KABUL, Afghanistan - An 18-year-old runaway named Amina agreed two weeks ago to leave the women's shelter in which she had taken refuge in northern Afghanistan and go home with her brother and her uncle.

What happened next is a cautionary tale for two young people from Bamian province who eloped and are still in hiding, even as some activists are trying to persuade them to turn themselves in.

She had run away to avoid marrying a man her family had forcibly betrothed her to, and agreed to return only after her family had signed guarantees that she would not be harmed. For good measure, her father and brother repeated their vows on video camera at the Ministry of Women's Affairs in Baghlan province, and she left with them.
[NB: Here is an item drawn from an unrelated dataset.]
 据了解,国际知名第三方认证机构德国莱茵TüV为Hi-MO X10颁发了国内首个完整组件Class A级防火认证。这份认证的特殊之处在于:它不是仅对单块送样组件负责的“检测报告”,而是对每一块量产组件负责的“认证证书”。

She never reached home. Hours after she got into her family's car, a gang of gunmen dragged her out of the vehicle and shot her to death, her brother and uncle later claimed.

Very few convictions

Whoever was responsible — the police blame the jilted fiancé's family, but women's activists accuse Amina's family of staging her killing — Amina became yet another victim of an "honor killing" to absolve some sort of family shame. Rubina Hamdard, a lawyer at a coalition of women's advocacy groups, the Afghan Women's Network, estimates that 150 cases of honor killing occur every year in Afghanistan, based on statistics kept over the past five years. Fewer than half of them are formally reported, however, and very few end in convictions.
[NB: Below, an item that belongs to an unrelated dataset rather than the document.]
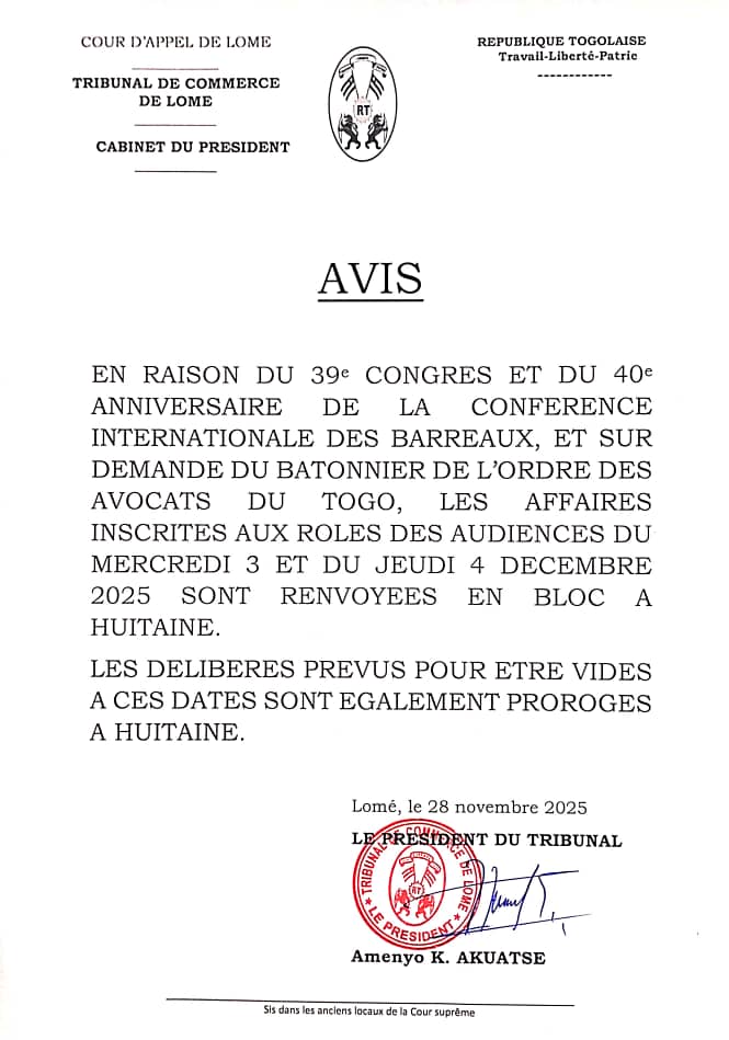 AVIS SUR LES AUDIENCES DU 03 ET DU 04 DECEMBRE 2025

It was just such a possible fate that prompted Zakia, 18, and Mohammad Ali, 21, to flee into hiding after they eloped in March, fearing that Zakia's family would kill them both because she had refused her father's choice of a husband.
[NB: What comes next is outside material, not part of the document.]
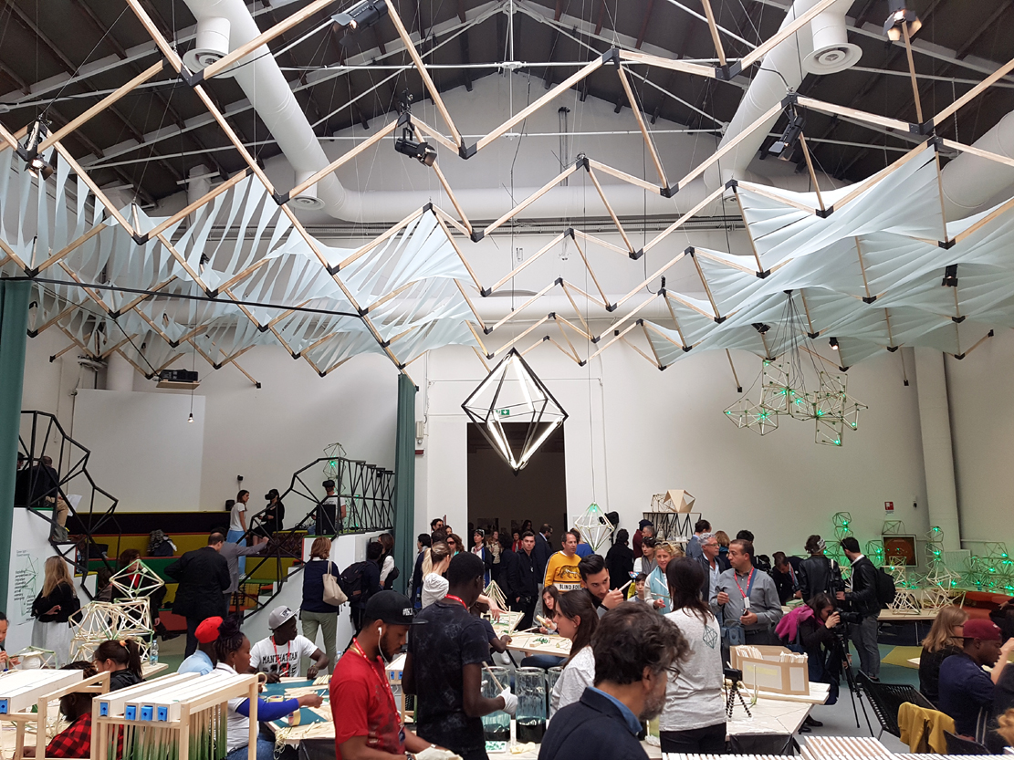 Ho voluto attendere prima di cedere al primo istinto e raffreddare il giudizio per cercare ragioni che la mia debole mente non trovava. Niente da fare, nisba, un progetto cretino con dei lampi di imbecillità, per dirla alla Marinetti. Già al primo impatto una metaforica orticaria ha cominciato a manifestarsi alla vista di Green light-An artistic workshop di Olafur Eliasson. Il progetto -in collaborazione con Emergency e la Georg Danzer House di Vienna, con la benedizione della Prefettura e del Comune di Venezia- prevede che ottanta tra richiedenti asilo e rifugiati, naturalmente su base volontaria e con solo rimborso spese, assemblino per tutta la durata dell’esposizione le lampade Green light, kit progettato dall’artista, poste in vendita a 250 euro per finanziare altri progetti delle due Ong. Niente da fare, c’avimm a rassegnà, questo è il mood che pervade il contemporary e la Biennale tutta, non solo il concept di Christine Macel.

Neither Amina nor Zakia and Mohammad Ali did anything against the law — or, more specifically, against two of the legal systems in effect in Afghanistan: the body of civil law enacted over the past decade with Western assistance, or the classic Islamic code of sharia that is also enshrined in law. Both protect the rights of women not to be forced into marriage against their will.

But in Afghanistan, an unwritten, unofficial third legal system has remained pervasive: customary law, the tribal codes that have stubbornly persisted despite efforts at reform. "In Afghanistan judges stick to customary law, forget sharia law, let alone civil law," said Shala Fareed, a professor of law at Kabul University.

Hamdard said: "In any society it's not just the law that shapes everything, it's the behavior of the judges, and how they interpret the law."

But in many places, judges are poorly educated, a situation that continues to exist, despite some $904 million in "rule of law" funding from the United States alone, between 2002 and 2010.